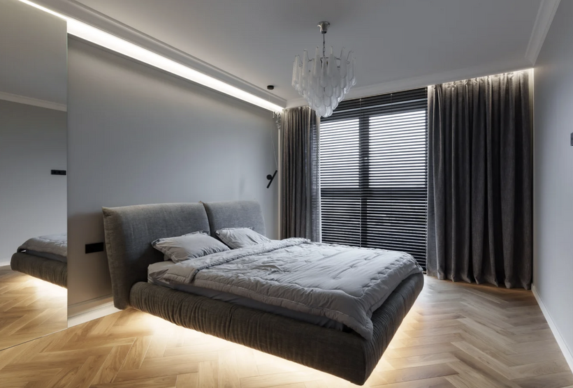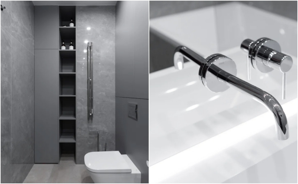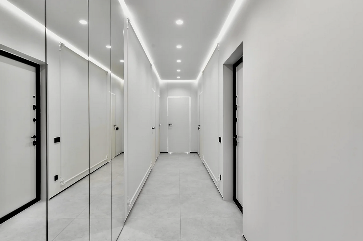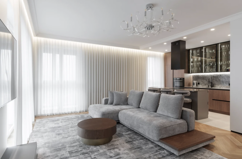 Ее площадь — 93 квадратных метра, которые грамотно разделили на две отдельные комнаты на 17 и 16 метров, а также просторную гостиную, совмещенную с кухней. Нашлось здесь место и для гардеробной.
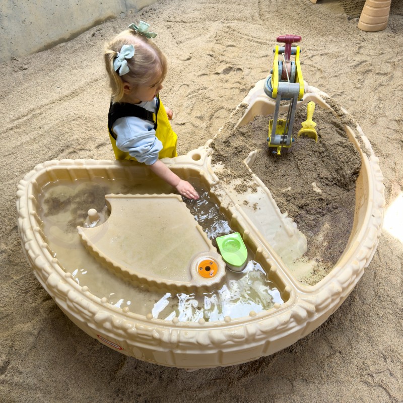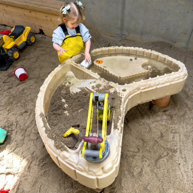 Piaskownica Plac Budowy z Parasolem od renomowanej marki Little Tikes będzie idealnym dopełnieniem twojego przydomowego ogródka. Piaskownica została wyposażona w specjalną, łatwą w obsłudze koparkę, dzięki której twoje dziecko załaduje piasek na wywrotkę czy do wiaderka. Druga część posiada kanał wodny z wyspą oraz most łączący wyspę z placem budowy i dźwigiem. W zestawie znajduje się parasol, który osłoni maluchy przed ostrym słońcem i dwa autka budowlane do wspaniałej zabawy.
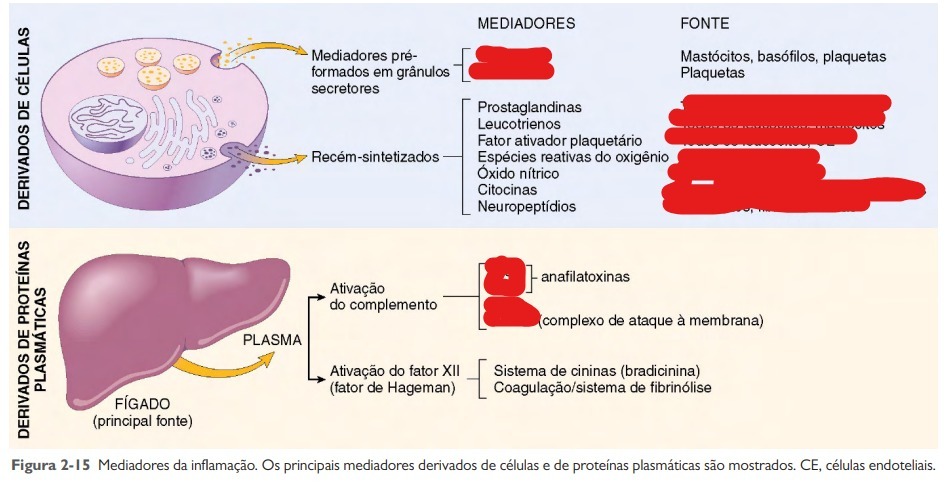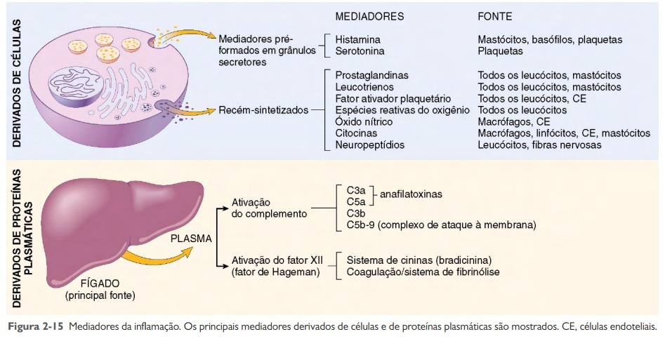 Podem ser derivados da célula. Nesse caso, podem já ter sido sintetizados anteriormente e são apenas liberado dos grânulos(serotonina e histamina), ou podem ser sintetizados a partir da demanda( leucortrienos, prostaglandinas, PAF, NO, citocinas, etc)
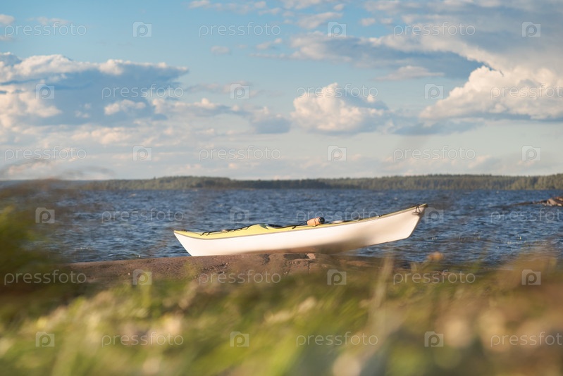 Каяк на гранитном берегу. Нет людей
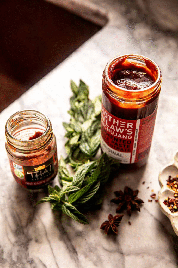 - Thai red curry paste – For a touch of heat and complexity.
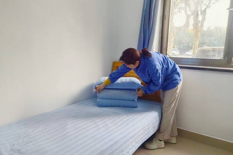卫生清扫服务的常态化开展让1100张床铺始终整洁如新。该矿建立严格的卫生清扫责任制,每栋宿舍楼配备3台全自动洗衣机、2台智能热水炉,实现“洗衣喝水不出楼”。保洁人员每日对公寓楼道、电梯间、公共卫生间等公共区域进行全方位清洁消杀,每周还会对职工房间内部进行上门保洁。同时,定期对公共洗衣机等配套区域进行卫生消杀,及时清理杂物、更换清洁用品。
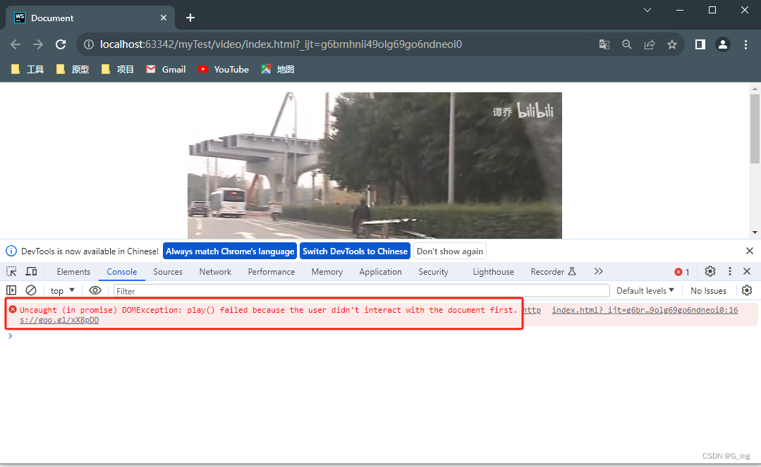 首先呢,我们直接在用户进入页面的时候play(),可以发现视频并没有播放,并且报错Uncaught (in promise) DOMException: play() failed because the user didn't interact with the document first
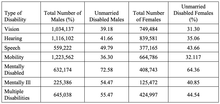 “Analyze the given statistical table from India’s 2011 Census on people with various physical and mental disabilities, and answer the following questions:”
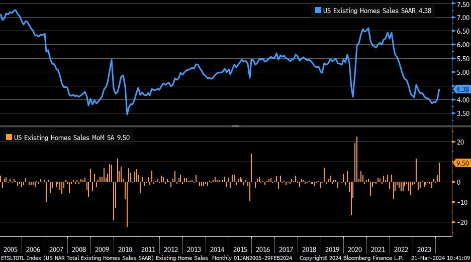 February existing home sales rose +9.5% M/M, (higher than estimate of -1.3% decline and prior month's +3.1% M/M increase).
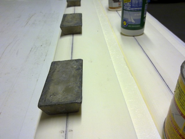 Los materiales serán muy económicos y fáciles de conseguir: poliestireno expandido de densidad 20Kg/m^3 recubierto con chapa de haya vaporizada, largueros de pino de 7x5 y bayoneta de acero de 5mm de diámetro, lo mismo que el Escuela.

· · · · · · ·

• Problem to work on:
Every line above is to be repeated exactly, but no picture is to appear in the copy.

• Task answer:
 Ее площадь — 93 квадратных метра, которые грамотно разделили на две отдельные комнаты на 17 и 16 метров, а также просторную гостиную, совмещенную с кухней. Нашлось здесь место и для гардеробной.
 Piaskownica Plac Budowy z Parasolem od renomowanej marki Little Tikes będzie idealnym dopełnieniem twojego przydomowego ogródka. Piaskownica została wyposażona w specjalną, łatwą w obsłudze koparkę, dzięki której twoje dziecko załaduje piasek na wywrotkę czy do wiaderka. Druga część posiada kanał wodny z wyspą oraz most łączący wyspę z placem budowy i dźwigiem. W zestawie znajduje się parasol, który osłoni maluchy przed ostrym słońcem i dwa autka budowlane do wspaniałej zabawy.
 Podem ser derivados da célula. Nesse caso, podem já ter sido sintetizados anteriormente e são apenas liberado dos grânulos(serotonina e histamina), ou podem ser sintetizados a partir da demanda( leucortrienos, prostaglandinas, PAF, NO, citocinas, etc)
 Каяк на гранитном берегу. Нет людей
 - Thai red curry paste – For a touch of heat and complexity.
卫生清扫服务的常态化开展让1100张床铺始终整洁如新。该矿建立严格的卫生清扫责任制,每栋宿舍楼配备3台全自动洗衣机、2台智能热水炉,实现“洗衣喝水不出楼”。保洁人员每日对公寓楼道、电梯间、公共卫生间等公共区域进行全方位清洁消杀,每周还会对职工房间内部进行上门保洁。同时,定期对公共洗衣机等配套区域进行卫生消杀,及时清理杂物、更换清洁用品。
 首先呢,我们直接在用户进入页面的时候play(),可以发现视频并没有播放,并且报错Uncaught (in promise) DOMException: play() failed because the user didn't interact with the document first
 “Analyze the given statistical table from India’s 2011 Census on people with various physical and mental disabilities, and answer the following questions:”
 February existing home sales rose +9.5% M/M, (higher than estimate of -1.3% decline and prior month's +3.1% M/M increase).
 Los materiales serán muy económicos y fáciles de conseguir: poliestireno expandido de densidad 20Kg/m^3 recubierto con chapa de haya vaporizada, largueros de pino de 7x5 y bayoneta de acero de 5mm de diámetro, lo mismo que el Escuela.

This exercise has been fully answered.